MORE THAN 250 classic bikes owned by Haslingden businessman Dale Winfield are being auctioned off.

Mr Winfield, who died in March, had spent the past 40 years building his collection.

MORE TOP STORIES:

The family have kept at least 50 bikes, including those ridden by world superbike champ Carl Fogarty, Eddie Kidd’s stunt bike, and one owned by the Hollywood actor Steve McQueen, which will remain on display at the Winfield store outside Haslingden.

When Mr Winfield died aged 70 he left instructions the rest of the bikes should be sold off in small lots.

Business colleague Geoff Holmes said: “We are disposing of them in the manner Mr Winfield wanted them to go, to real motorcycle enthusiasts so that they will be used.”

It is estimated the sales at Mathewson’s auction house in North Yorkshire will raise hundreds of thousands of pounds.

“He wanted them to go to enthusiasts. Dale was very much a self -made man, his idea was that he preferred them to go to people like himself who started off with one or two,” said Geoff.

Mr Winfield, who founded the outdoor chain, rode most of the bikes up until about 10 years before his death.

He had a lifelong love of motorcycles and was the first sponsor of world superbike star Carl Fogarty when he turned professional.

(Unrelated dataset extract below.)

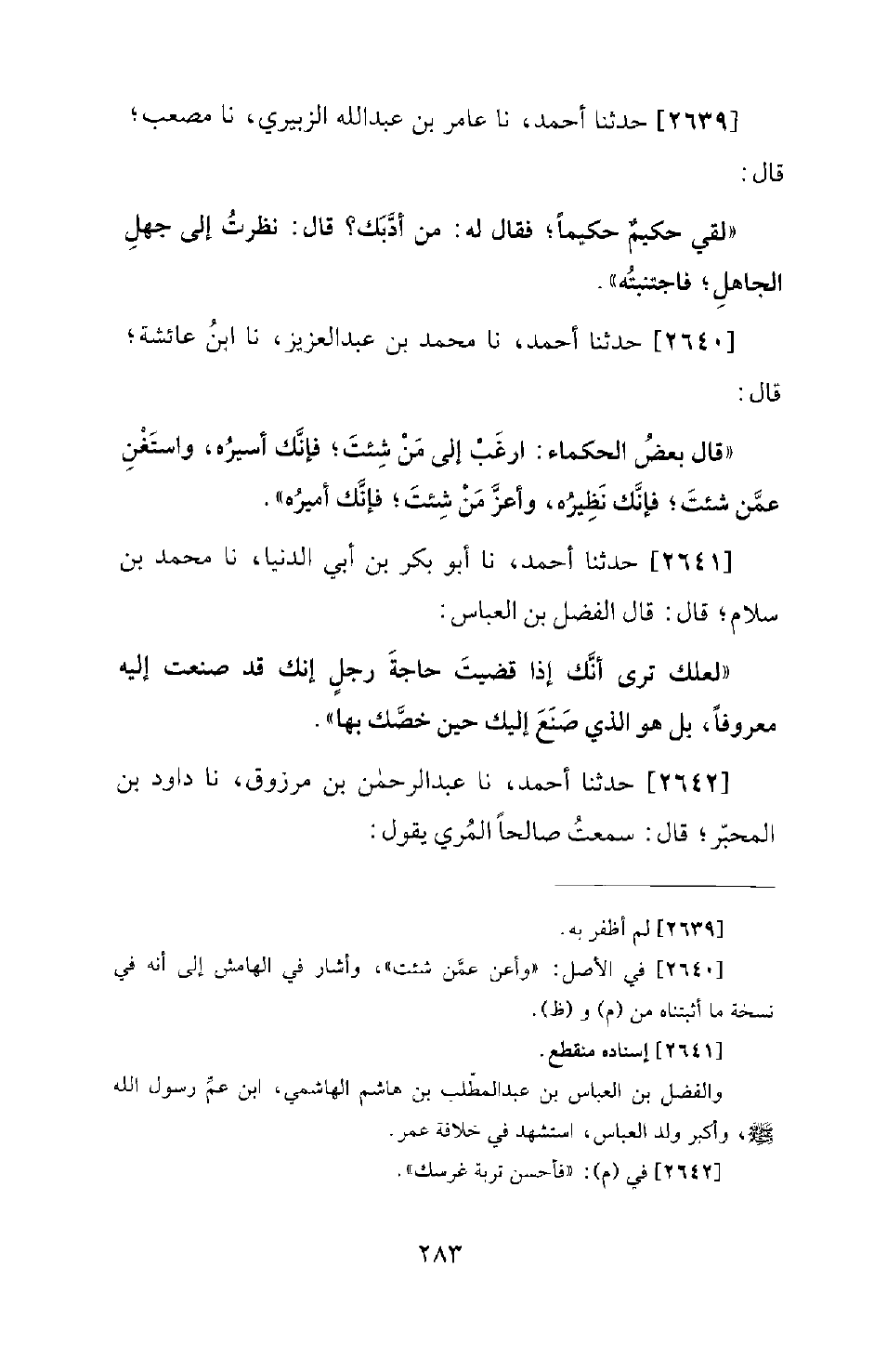 2641 - حَدَّثَنَا أَحْمَدُ، نا أَبُو بَكْرِ بْنُ أَبِي الدُّنْيَا، نا مُحَمَّدُ بْنُ سلام؛ قال: قَالَ الْفَضْلُ بْنُ الْعَبَّاسِ: لَعَلَّكَ تَرَى أَنَّكَ إِذَا قَضَيْتَ حَاجَةَ رَجُلٍ أَنَّكَ قَدْ صَنَعْتَ إِلَيْهِ مَعْرُوفًا؟ ! بل هو الذي صَنَعَ إِلَيْكَ حِينَ خَصَّكَ بِهَا

Mr Fogarty, who appeared in I’m A Celebrity Get Me Out of Here, was among the hundreds of mourners who attended the funeral held in the Winfield retail outlet.

So far the most expensive bike sold was a Manx Norton which went for about £20,000.

Mr Winfield, a dad-of-five, died after a two-year battle with bowel cancer, leaving his wife June, 59, children Claire, Suzanne, Jodie, Janine and Joseph and grandchildren Poppy, Max, Troy and Reece.

  • The next auction of Mr Winfield’s bikes is on Saturday which will include an unusual 1938 Scot Squirrel.